The film is both much less and much more than a tale of violent, directionless, deviant misfits: it cannot be contextualised as a "story" with "characters" because it eschews any representation of human qualities in favour of a sexualised mass of violence and anarchy. It is stark, blunt, and looks increasingly unsophisticated in its attempts to shock. However, precisely for these reasons, Jubilee encapsulates the ethics of effective punk cinema. Like Morrissey's Trash (1970) and most of John Waters' 1970s films, there is an outrageous, permissive abandon that serves to upset and unnerve the conventional cinemagoer. The characters could have emerged from a contemporary Carrollesque nightmare: they are unrestrained, unpredictable, volatile. And the cast is fascinating. Like Waters’ repertory company — Divine, Mink Stole, et al. — they are uninhibited and often prefer shouting to acting. Jenny Runacre had appeared in Pasolini's The Canterbury Tales (1971); Little Nell (aka Nell Campbell) was already something of a midnight icon from The Rocky Horror Picture Show (1975); a young Adam Ant, two years before British pop success, wanders amiably through the film; and Toyah Willcox, also two years before her short-lived postpunk, teenybop chart reign, scowls and swears as Mad, and is striking with a head of shaved ginger (she now presents religious and travel programmes on BBC TV). The late Ian Charleson, three years away from "respectability" and "prestige" in Chariots of Fire, is also here, shamelessly naked. He later tried to deny he'd ever been in the movie.

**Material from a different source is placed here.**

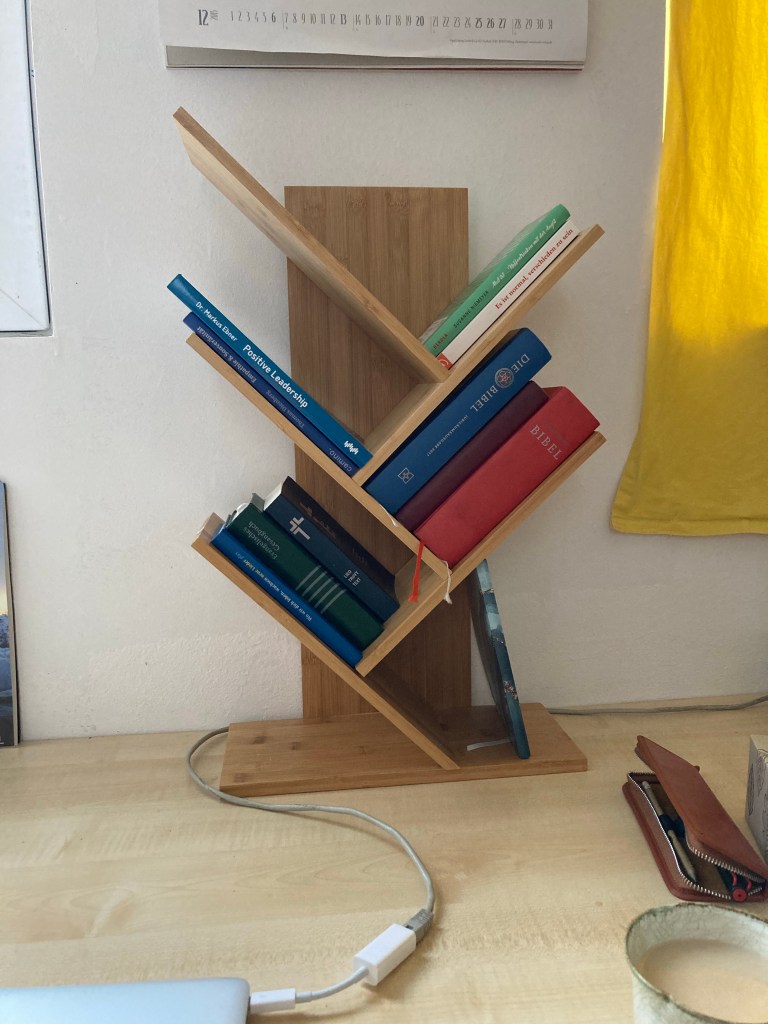[folienstern:] „Ich schraube meinen Bücherbaum zusammen.“

Ultimately, Jubilee is not pure Jarman: it is riotous rather than deliberate in its subversiveness, and it celebrates bi- and heterosexual promiscuity rather than homoeroticism (which is significant, given the rest of Jarman's oeuvre). Increasingly, the film seems like an anomaly in both Jarman's career and in the history of British cinema. For that reason, though, it will always be important.
Julian Upton

Jarman’s original idea for Jubilee was simply to record Jordan’s milieu on Super-8, in more or less documentary fashion, as a record of the times. But when he mentioned this idea to his producers, they saw that cashing in on the burgeoning punk movement might mean box office. They suggested a feature—for which, in order to set his vision of the age within a potent historical perspective, Jarman cannibalized an earlier, unproduced script called The Angelic Conversation of John Dee.

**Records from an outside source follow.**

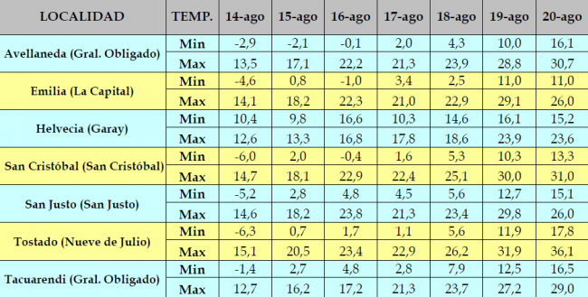 Los cultivares de trigo, ciclos largos y medio, continúan su desarrollo sin inconvenientes; las perspectivas de crecimiento de los mismos son buenas, hasta la fecha. Distinta realidad presentan los de ciclo tardío o corto, pues la disponibilidad de agua útil es escasa, en gran parte del área. Ante esta situación se observan cultivares con síntomas de déficit hídrico, con problemas para el cultivo, de la campaña 2013. Las temperaturas mínimas registradas oscilaron entre – 6,3ºC y 17,8ºC y las máximas entre 12,6ºC y 36,1ºC.
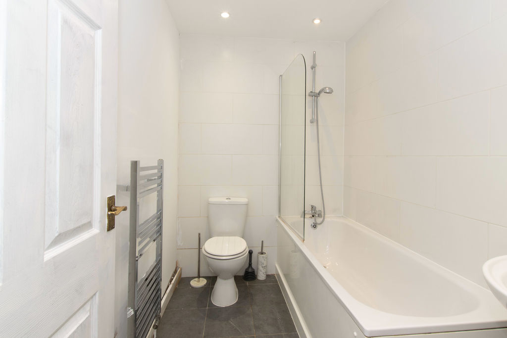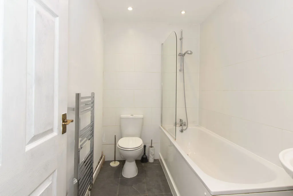 A white three piece suite comprising a low level WC, pedestal wash hand basin, panel bath with mixer tap and shower over, tiled surrounds, heated towel rail, spot lighting, extractor fan.
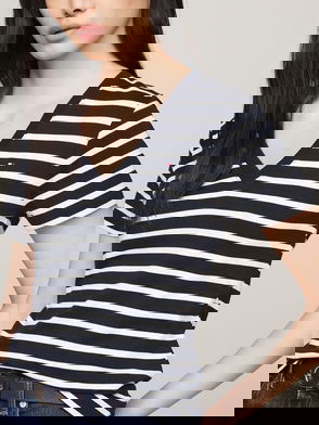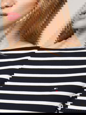 Boat Neck Slim T-Shirt Stripe

Dee, eminent scientist and confidant of Queen Elizabeth 1, calls on the angel Ariel to show his queen the future of her kingdom: a future which stands in stark contrast to the Arcadian serenity of the Elizabethan framework, centering as it does on a gang of six wild girls (including Jordan in the role of Amyl Nitrate) and the forays they make from their chaotic headquarters in Southwark into the equally chaotic urban wasteland that surrounds them. Meanwhile, in the background, pulling the strings and laughing insanely at the extent of his power, lurks the media mogul Borgia Ginz, who holds the whole of this splintered, violent world in the palm of his hand. Ginz has turned Buckingham Palace into a recording studio, and Westminster Cathedral into a throbbing discotheque in which Christ and the twelve apostles perform orgiastically before a gyrating audience. Sleepy Dorset has become a separate country where blacks, homosexuals, and Jews are banned, and Ginz can retreat to the splendid seclusion of the home he shares with the retired Hitler to pronounce with cynical satisfaction: “They all sign up in the end one way or another.”

The film opened in February 1978—exactly a year after Jarman had first put pen to paper—to decidedly mixed reviews. Its intensely private core (there is as much autobiography in the film as there is ostensible reportage) and somewhat uneasy mix of exuberance and bleakness—as Jarman himself put it in his book Dancing Ledge, “Just as it seems that it is settling down it’s off in another direction, like a yacht in a squall”—was too puzzling for all but the most entranced of viewers. Vivienne Westwood even went so far as to have a T-shirt printed, in which, at some length, she detailed why she despised the film. It was, she said, “the most boring and therefore disgusting film” she had ever seen. She could not “get off watching a gay boy jerk off through the titillation of his masochistic tremblings. You pointed your nose in the right direction then you wanked.”